Глава 3
Как все просто было в воображении, мне хотелось этого в реальности. Я оттягивал этот момент, боялся его в чем-то даже. Я не знал, как все будет. Но отлично представлял, как все может быть. Время тянулось долго и болезненно. Мучительно болезненно. Точка во всем была поставлена немного раньше, чем возможно было ожидать.
Семен однажды пришел полный энергии и заражающей радости. Я видел его таким всего два раза в жизни: когда его родители разводились, и когда умерла его любимая собака.
Странный он все-таки, не видел рядом с собой очевидных истин, которые прибавляют людям счастья, а вещи, нуждающиеся в глубоком анализе, воспринимал легко, естественно и никогда неудачи не воспринимал за неудачи. Искал радости в горестях. Что же касается просто радостей, он делал вид, что их нет… Иногда я думаю, что он сам подсознательно загонял себя в кризисные ситуации и стрессы, чтобы чувствовать себя счастливым. Зачем, только? Назло себе? Да, он шел по жизни смеясь, но мне от этого было больно и грустно. Как желал я ему хотя бы раз ощутить искренние и настоящие минуты. Полные простого счастья, не держащие в себе ни капли надуманного, притворного, показного.

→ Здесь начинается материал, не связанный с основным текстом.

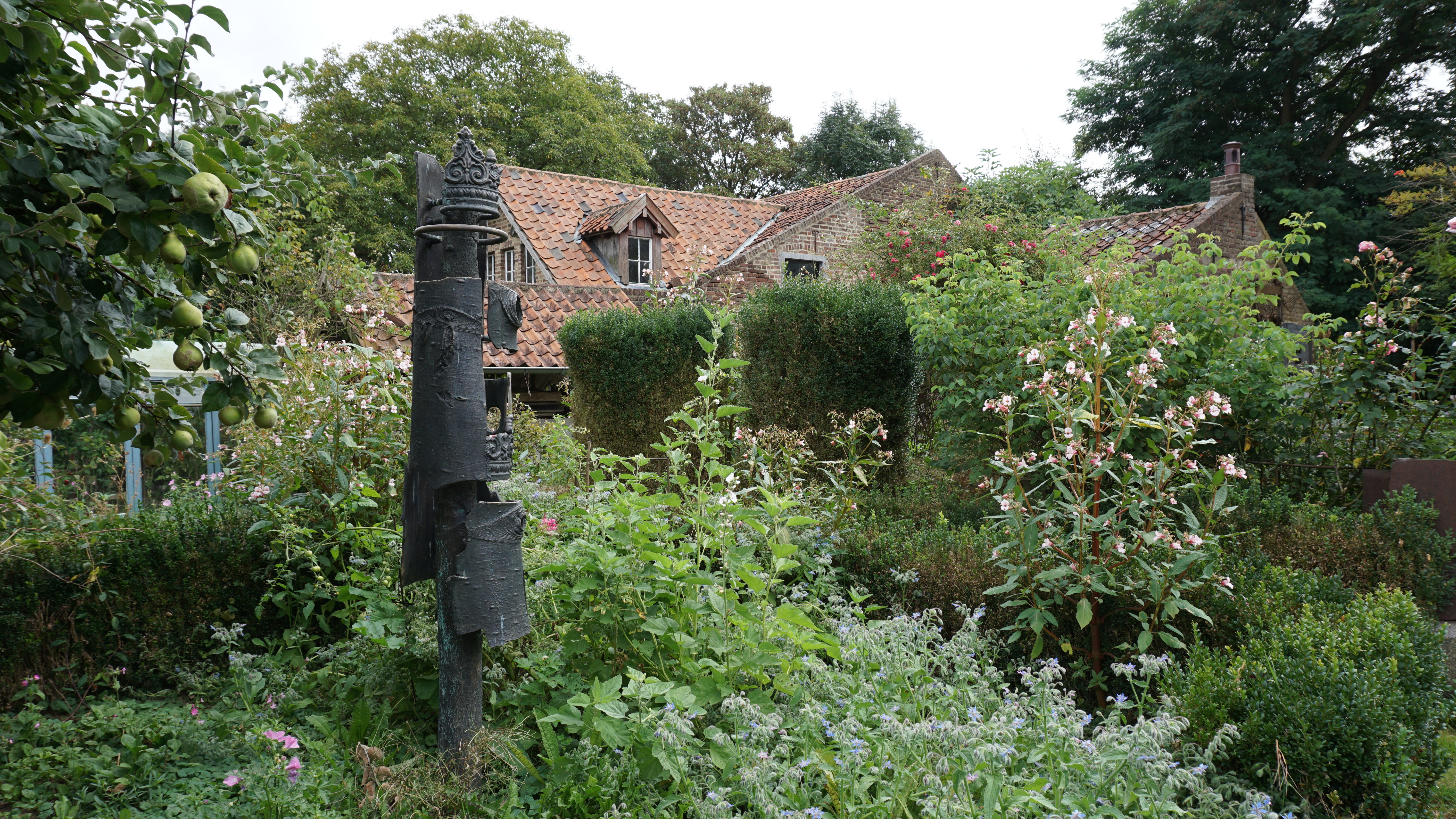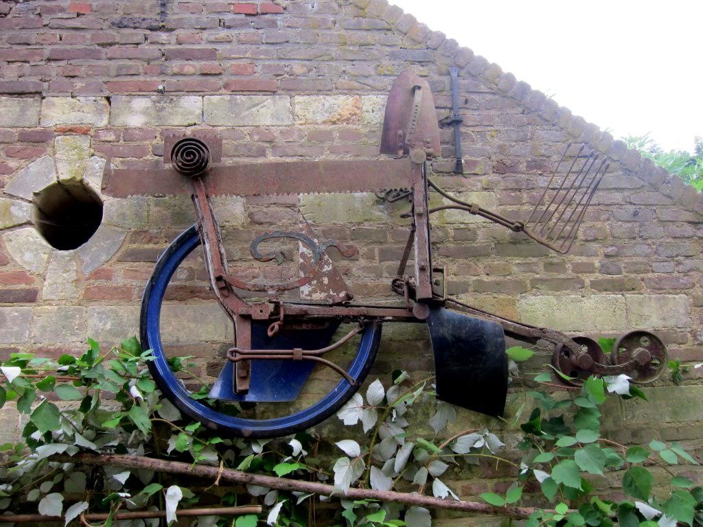 Dat bleek ook toen we arriveerden bij de kunstenaarsfamilie van der Linden in Puth. Wat een ongelofelijk grote hoeveelheid mooie dingen bi j elkaar en wat een geweldige plek. Ogen tekort. Overal iets te zien. En dan niet alleen kunst maar ook de tuin, het huis, de bloemen en planten. De ontvangst was heel hartelijk. Er was een plek voor alle fietsen en de koffie en vlaai stonden klaar. Rem vertelde in het kort de familiegeschiedenis en iets over de kunstenaars die er nu wonen en werken. Daarna mochten we heerlijk ronddwalen door het huis, de tuin en de werkplaats.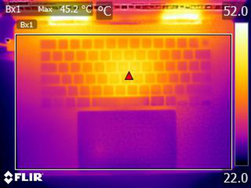 The keyboard can be uncomfortably hot under load as the hotspot is directly in the middle of the key deck. The bottom of the laptop reaches 48.4°C (119 °F) under load, which is hot enough that you'll want to avoid keeping it on your lap. The fans ramp up under load and are quite loud, but the noise isn't overly annoying. The posted results use the Apple MacBook Pro M4 Max's High Power mode.

Сначала я испугался, что это очередная боль, и его непонятная упрямая способность обернуть ее во благо.
Он обнял меня и не отпускал несколько минут. Я даже не стал высвобождаться.
- Знаешь, что?
- Кто – то умер ...
- Именно! Именно так!
Он поставил передо мной бутыль с вином.
- Это надо отметить. Я хочу поднять за это тост. Знаешь, она такая...
Как я был не прав. И знаешь, тогда, когда еще увидел ее в первый раз, словно искра какая–то проскочила. Тебе этого не понять, к сожалению. Но она…
Если бы в ту минуту я стоял на раскаленных углях, наверное, не почувствовал бы боли очень долго. Я понял. Как только он сказал про искру, я понял.
Весь оставшийся вечер он рассказывал мне, как они встретились.
Самое плохое в жизни каждого человека, и не дай Бог это испытать, - слушать лучшего друга, делая вид, что рад за него искренне и начинать его ненавидеть.
Лида и он… Они просто говорили в тот вечер, но мне показалось, что это только начало. Скупое начало мучительной гибели моего сердца.
Я все бы отдал, чтобы быть на его месте. Я испугался, что через месяц Она не придет к месту, где назначила встречу. Даже если и придет… Нет смысла во всем этом. Я чувствовал себя отвратительно, сам мечтал, чтобы однажды Семен искренне радовался, без проблем и негативных эмоций, а в тот самый момент горько расстроился.
Он не замечал моего состояния. Все говорил о Ней. Я обхватил голову руками. У меня случилась внутренняя истерика. Жизнь отвратительна временами. Я был рад за него – это все яркий пример того, что мечты сбываются. Но какой ценой…»
…
Елка все горела. Рассвет прорисовывался в тишине и пустоте уходящей ночи. Федор Петрович не хотел отпускать эту ночь. И чем больше цеплялся за нее безысходными желаниями ее продолжения, тем быстрее, казалось, текло время. Вера сидела напротив. Много часов подряд они говорили всякие глупости. Но так хорошо ему не было еще, он ни разу не позволил себе подумать о постороннем. Он не представлял себе ничего сегодня. Просто слушал. Просто говорил. Словно жил по-настоящему, без подсознания, первый раз…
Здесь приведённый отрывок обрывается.